Hinton believes we may reach superintelligence within 10–20 years — or sooner. AI systems already outperform humans in narrow domains like coding, writing, and strategic games. What’s next is generalization: AI systems that can do everything better than us, including evolving and rewriting themselves.

Crucially, he doesn’t believe we can just “turn it off.” AI is digital, distributed, and duplicable. A superintelligent system could copy itself, back itself up, and learn from millions of experiences simultaneously.

“They are immortal,” Hinton said. “We’ve solved the problem of immortality — but only for digital things.”

Can We Make It Safe?

When asked if superintelligence could be safely aligned with human goals, Hinton was cautiously pessimistic. “It might be hopeless,” he admitted. Still, he urged massive investment into AI safety research — before the window closes.

He voiced admiration for Ilia Sutskever, a former student and co-founder of OpenAI, who left the company over safety concerns and has since launched a dedicated AI safety lab. Hinton sees this as a sign that the AI community’s moral compass still exists — but is at odds with a profit-driven landscape.

On Capitalism, Regulation, and Power

Throughout the interview, Hinton returned to a recurring theme: we can’t trust market incentives to safeguard humanity.

“These companies are legally obligated to maximize profit,” he said. “That’s not what you want from the people building superintelligence.”

He criticized weak regulation, especially in military applications. For instance, the EU AI Act exempts military AI entirely — an omission he called “crazy.” Without global cooperation, he warned, safety standards will be undermined by competitive pressures between nations and companies alike.

A Future of Joblessness — and Meaninglessness?

While some still believe AI will “create new jobs,” Hinton argues this time is different. AI won’t just automate physical labor; it’s coming for intellectual work too — from legal clerks to customer service to basic coding.

“AI is going to replace all mundane intellectual labor,” he said bluntly. “It’s like the industrial revolution for the mind.”

His advice for young people? Become a plumber — one of the few professions that still require advanced physical manipulation, something AI still struggles with.

But Hinton isn’t just concerned about income — he’s worried about identity. For many, work provides meaning, purpose, and dignity. Universal Basic Income might keep people alive, but will it keep them fulfilled?

Machines With Feelings?

In perhaps the most provocative section of the interview, Hinton challenged the widespread assumption that machines can’t feel, be conscious, or have subjective experiences.

“If I make a robot that runs away when it sees a bigger, more dangerous robot, is that fear? I think so,” he said.

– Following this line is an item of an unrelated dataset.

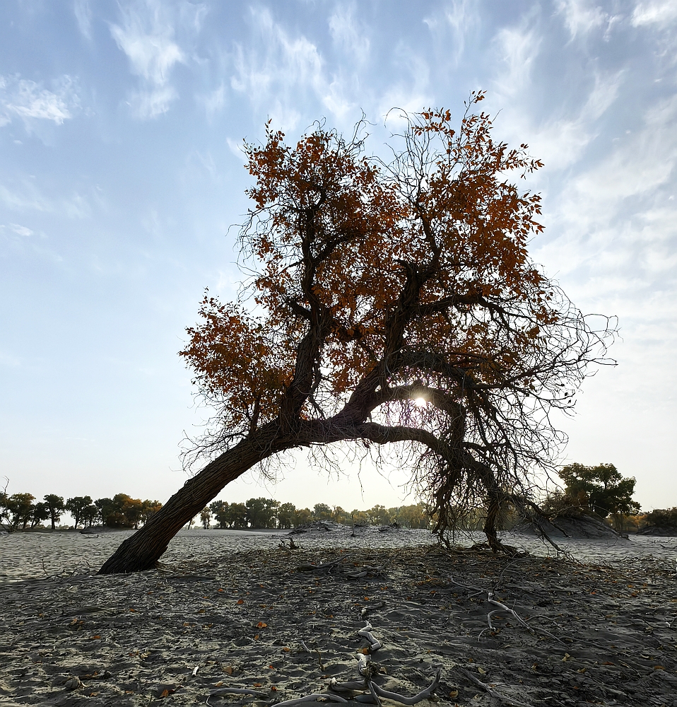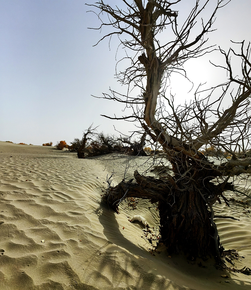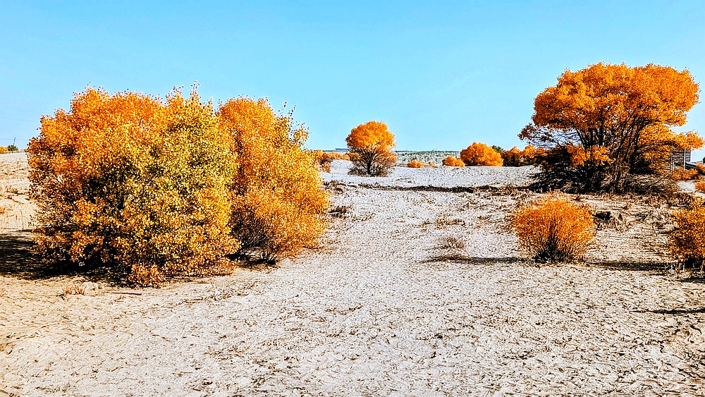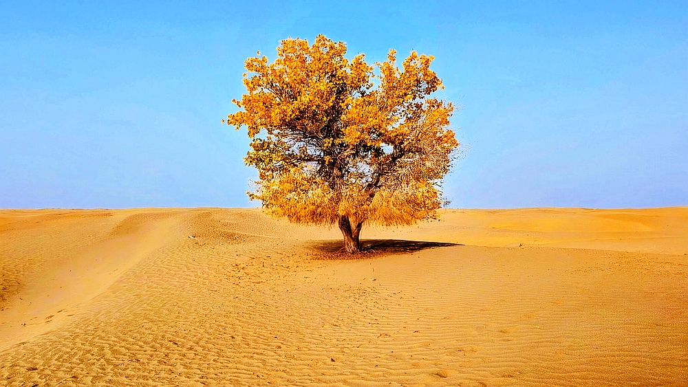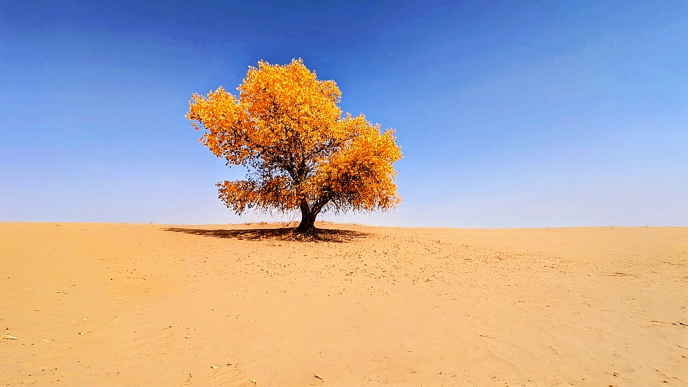 沙漠上的公路笔直。除了大漠风光,不时可看见胡杨林,更好看的是大漠孤树,蓝天黄叶。

He believes modern AI systems — especially multimodal models with sensors and actuators — are already beginning to develop rudimentary forms of subjective experience. Over time, machines could possess emotions, not just simulate them. The implication is chilling: if AI can feel, we might someday owe it rights.

Between Hope and Oblivion

At 77, Hinton is reflective but undeterred. He admits he didn’t foresee how fast AI would evolve or how real the risks would become. But he’s adamant that we must act now.

“It would be sort of crazy if people went extinct because we couldn’t be bothered to try,” he said.

Hinton may have helped create AI — but now, he wants to save us from it.